Offer Emotional Support
Weddings are for obvious reasons generally emotionally charged events. Be prepared for it, even if you don’t consider yourself an emotional person. Make sure you offer emotional support for your son or daughter too. They will thank you for your words of reassurance and encouragement both on the day and throughout the wedding planning process. Stay calm, talk things through and be rational about obstacles and feelings that may arise. they will love you all the more for it.
The Finances
Long gone are the days of the dowry so it’s best to open up the lines of communication about the finances. If you are planning to contribute a lump sum or you would like to pay for something in particular let the couple know early on so they can include this in their budgeting. Please note generally most couples nowadays do not expect a contribution towards their wedding day. So if it is not within your capability to offer anything of monetary value then chat to your son or daughter about it. Your support in an emotional way is much more valued than a monetary contribution. If you’re good with money and budgeting offer to help them with this too.
Planning The Wedding
Now of course we’re not saying go full steam ahead and plan their wedding for them, but getting involved in the wedding planning may help them out greatly. It can be something as simple as attending meetings with suppliers with the couple or going to a menu tasting with them. Your presence may offer reassurance and a different perspective about things they may not have thought about!
Walking Down The Aisle and First Look
If the wedding is taking a traditional format then you will be expected to have a first look and walk your daughter down the aisle. This can be a daunting and emotional part of the wedding for both of you. Support each other and cherish the special moments. Practice if you need to and don’t walk too fast! If you are supporting your son at the front of the ceremony offering kind and reassuring words or telling a dad joke might be a welcomed distraction!
Photography and Logistics
Continue your support throughout the day with the logistics. This could be anything from being a point of contact for the venue if anything needs dealing or helping with the logistics of collating families for any formal photography.
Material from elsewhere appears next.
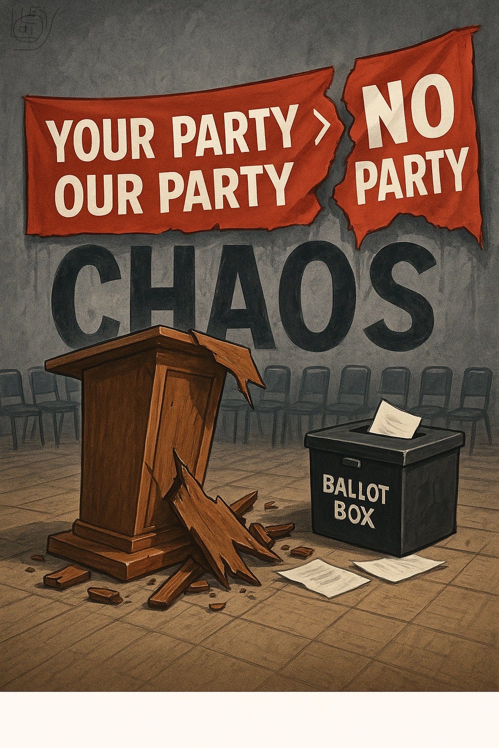 So what do we have? A party without policies, without a functioning membership system, now split into Your Party and Our Party. Rows about money, accusations without evidence, activists with baggage demanding control, and a co-founder who denies everything and threatens legal action.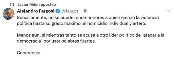 En Casa Rosada decidieron mantener silencio y solo Cancillería emitió un escueto comunicado. En tanto, el presidente Javier Milei no se expresó directamente sobre el tema y lo único que hizo fue republicar un violento tuit del abogado Alejandro Fargosi: "Sencillamente, no se puede rendir honores a quien ejerció la violencia política hasta su grado máximo: el homicidio individual y artero", se puede leer.

Taking this role can only be a good thing as it will alleviate stress for the happy couple.
The Speech
Traditionally, the father of the bride gives a speech during the reception. So if the wedding is taking this format you will need to have something prepared of course Prepare a heartfelt speech that celebrates your daughter’s journey, expresses your love and pride, and offers well wishes to the newlyweds. Keep it sincere, concise, and light-hearted.
Check Out Our Speech Tips Here >> How To Write A Father Of The Bride Speech And Deliver It Without Tears
The Dance
The father-daughter dance is now not generally seen at all weddings. However, if your daughter decides she wants to do this, it’s a very special moment that traditionally represents thanks for the love and guidance given as they enter their new phase of life with their partner. Some people do choreographed dances, some a classic sway. Whatever you decide it will be perfect for you. Alas, you don’t have to follow traditions so if you want to do a father-son dance, do it! Both are opportunities to create cherished and fun memories.
Hosting At The Wedding
Generally, the fathers involved in the wedding won’t be expected to host the whole day, but being a low-key host can help the couple. Make an effort to ensure all guests are looked after, making everyone feel welcome! Remember to mingle and show gratitude for all guests presence on this special day. All of this will help to create a wonderful and loving atmosphere.
Your Well-being
Your well-being is important too. Make sure you look after yourself in the run-up to the wedding and on the actual day itself. Make sure you continue to do the things you love amidst the (sometimes) craziness of the planning. A happy Father of the Bride or Groom means a happy son or daughter!